You can’t use single disk because you have both md126 and md127 you need to capture. You can’t use mulltiple disks because /dev/sda doesn’t have any partitions and /dev/sdd is a usb drive (which FOG will happily capture). And then add in software raid into the mix and you end up with a mess.I know its late here so my brain isn’t 100% at the moment, but I can’t see a solution for cloning this system and keeping the raid from getting damaged.
I think when I was testing with intel raid I was mirroring the entire disk then creating the partitions on the raid disk. You have two disks with partitions mirrored. That adds to the complexity.
-
I can see how mirroring two disks and then partitioning the RAID device would be simpler, but we have ruled it out as an option because we want to overprovision the SSDs.
We can remove the USB drive and probably the large unpartitioned drive (sda) as well, just leaving us with sdb, sdc, md126 and md127, but it sounds like we may still not have success. I think I will try it anyway just to be thorough.
db
-
@david-burgess said in FOS fails to capture image from md RAID host:
but we have ruled it out as an option because we want to overprovision the SSDs
I don’t understand this because you are still dealing with physical media.

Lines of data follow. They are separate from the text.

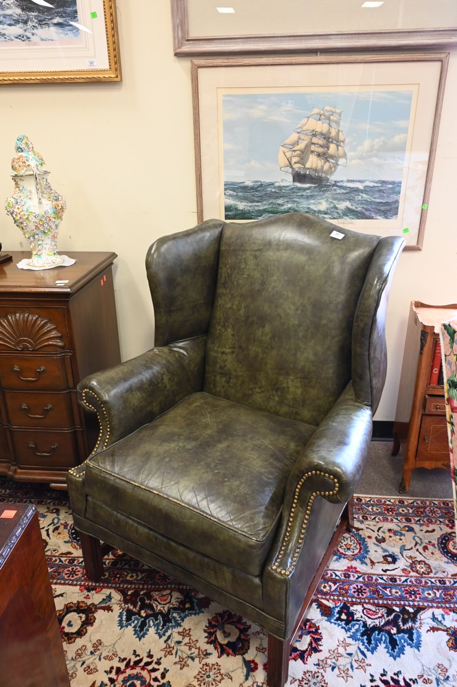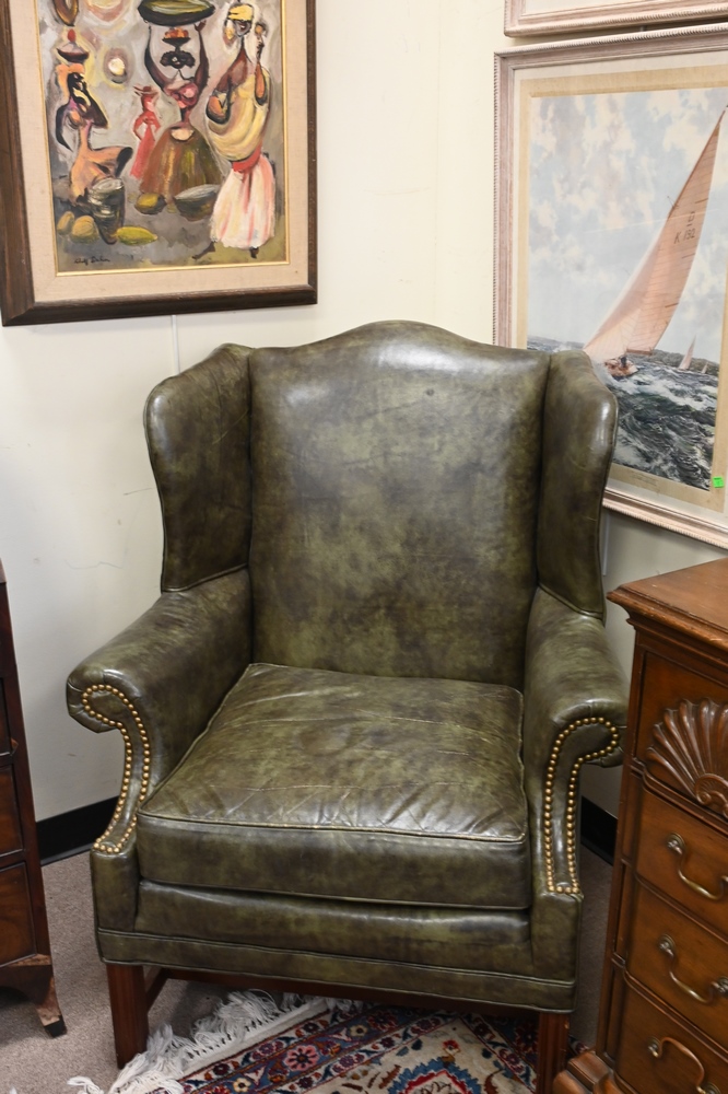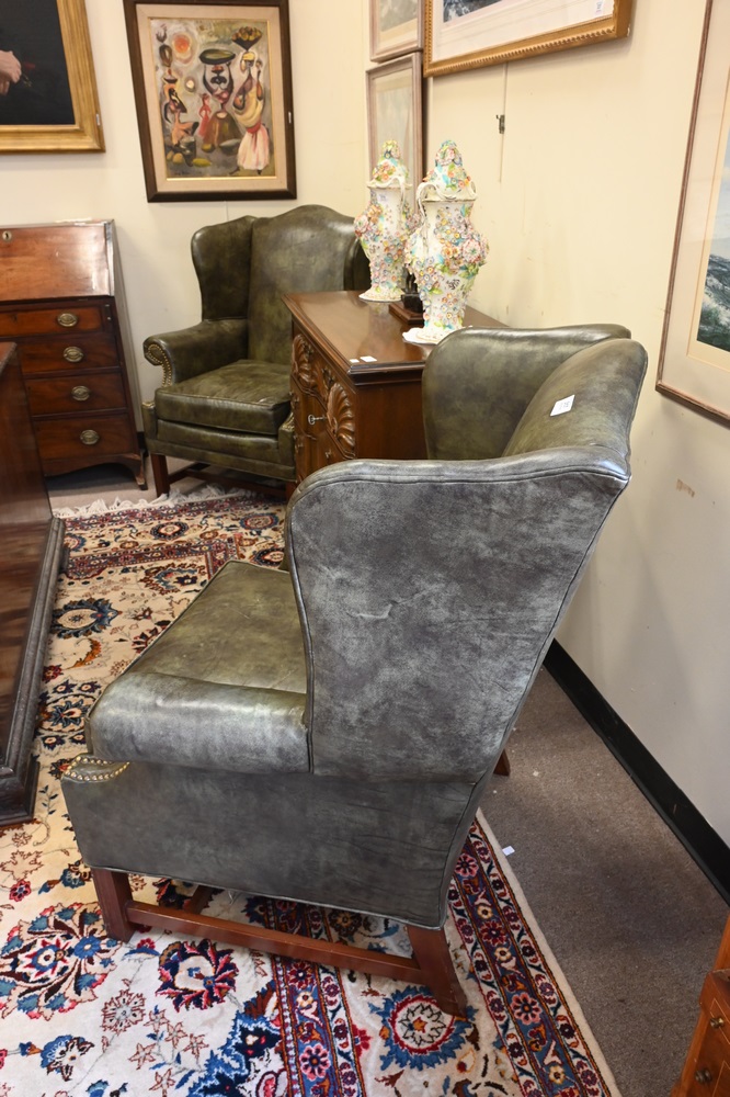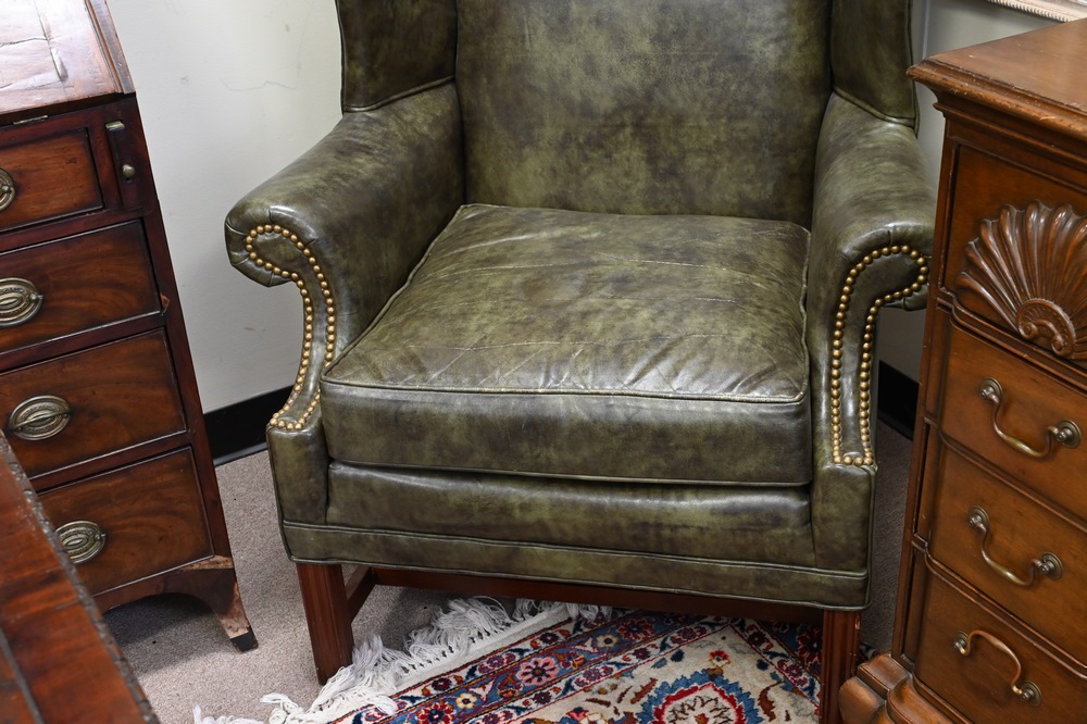 Lot 317: Pair of Chippendale Style Leather Upholstered Wing Chairs, on square molded legs, height 42 inches, width 35 inches, minor imperfections.
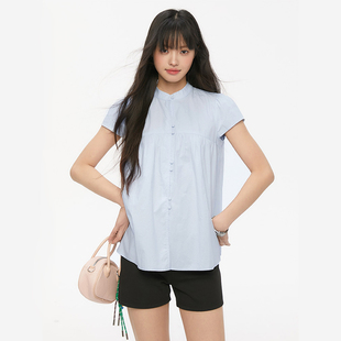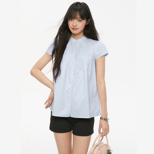 宽松飞袖 Pink 小清新设计感小立领衬衫 夏季 捏褶衬衣女 ers联名款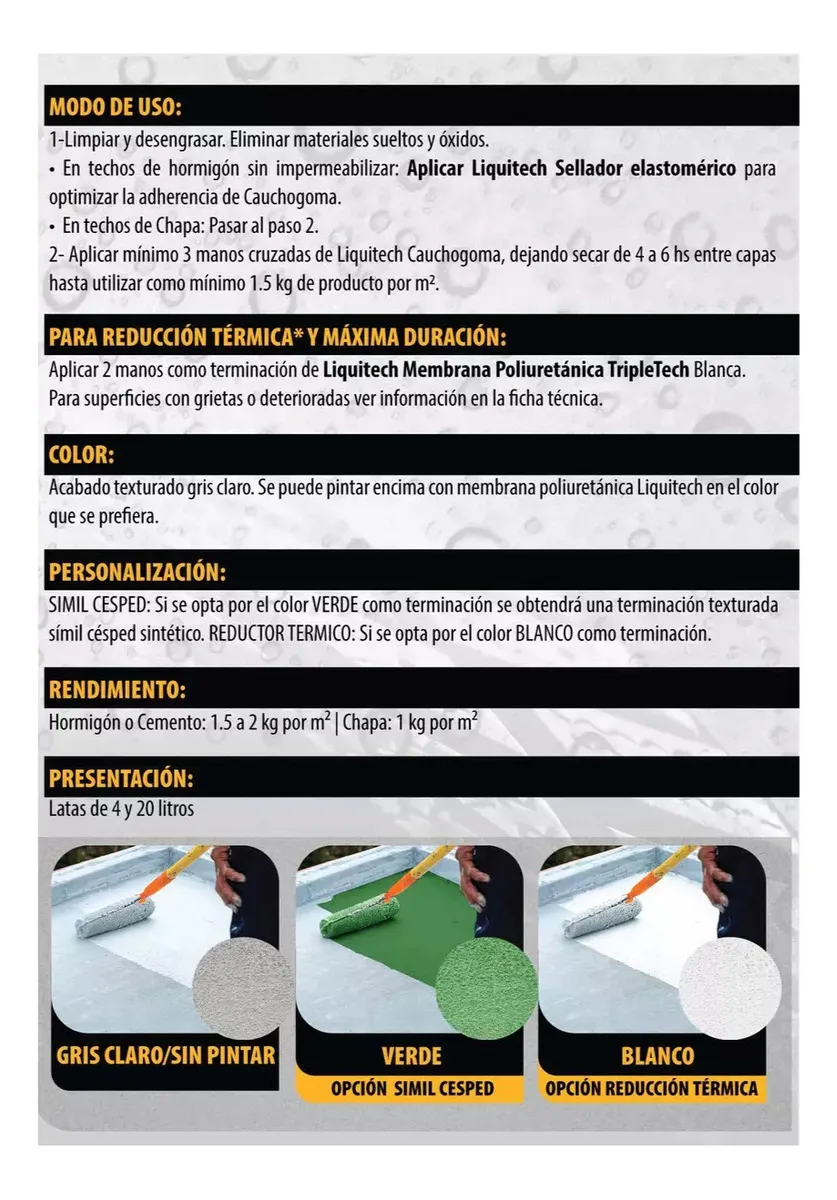 CAUCHOGOMA es un IMPERMEABILIZANTE de alto espesor compuesto por polímeros de caucho microtriturado a partir del reciclado de neumáticos y formulado a base de resinas acrílicas y poliuretano.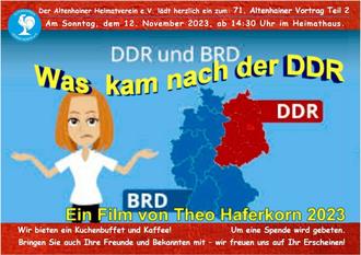 Der Altenhainer Heimatverein e. V. lädt herzlich ein zum 71. Altenhainer Vortrag - Teil 2 am Sonntag, dem 12. November 2023, ab 14:30 Uhr im Heimathaus. Heute präsentiert Theo Haferkorn “Was kam nach der DDR“. Nachdem im ersten Teil recht eindrucksvoll vierzig Jahre ostdeutsche Geschichte betrachtet wurden, hat Theo Haferkorn diesmal Erstaunliches und (fast) schon Vergessenes zusammengetragen über den Teil Deutschlands, was einst die DDR war und sich nun in der BRD seinen Platz finden muss, wie: Ereignisse um Währungsunion, verstorbene Persönlichkeiten, Ausschreitungen, Hochwasser, Wahlen, Unglücke und auch Schönes, uvm. … Wir bieten ein Kuchenbuffet und Kaffee! Um eine Spende wird gebeten. Bringen Sie auch Ihre Freunde und Bekannten mit – wir freuen uns auf Ihr Erscheinen!

But that really doesn’t matter you have a specific use case that I’m unaware of.
If you can discard (remove) sda and sdd then you can use multiple disks non-resizable to capture that system. In either case you must use the md interface, and I’m still not sure FOG can handle the raid correctly. If you mirrored the disks then there is only one md interface. The problem with intel raid is that it no only presents the md interface to the underlying host OS is also exposes the physical disk too. This confuses FOG because it actually see 3 disks in this computer (2 physical and 1 md). If the whole disk was mirrored then you would just set the primary disk in the host configuration to the md interface, then FOG will only look at that interface.
-
If I use the whole device for md-RAID, then partition the md device, this doesn’t prevent the OS from seeing the underlying physical devices. It will still see sdb, sdc and md126. I’m not familiar with Intel RAID on Linux, but it sounds from your description like the result is similar to what I’m seeing. In any case, I don’t know of any way to present the md-RAID device to Linux and hide the member physical devices.
At this point I have removed sda and disabled USB for now until I can get somebody to remove the USB drive from the system. The unfortunate side effect is that I have no keyboard input in FOS with USB disabled (over IPMI, and presumably on the physical console as well). So I will retry the capture job in non-debug mode and see what happens.
db
-
@david-burgess said in FOS fails to capture image from md RAID host:
If I use the whole device for md-RAID, then partition the md device, this doesn’t prevent the OS from seeing the underlying physical devices.
This is actually how the windows driver for the intel rst adapter works too, just in windows the driver “hides” the physical disks from windows so it only sees the raid drive.
In linux its a bit different in the the md drive doesn’t hide the underlying physical disks. For fog imaging we tell it the primary disk is the md drive so it ignores the physical drives, because it only cares about what FOG tells it as the primary drive. If the FOS engine has to guess it will pick sda if present. Since in your case you “could” image sdb and get a good image. The problem is you are cloning a mirrored disk when you restore it to a new computer on sdb your mirror will be broken. So for FOG you can only clone using the md drive, then everything will be in sync and the clone will work.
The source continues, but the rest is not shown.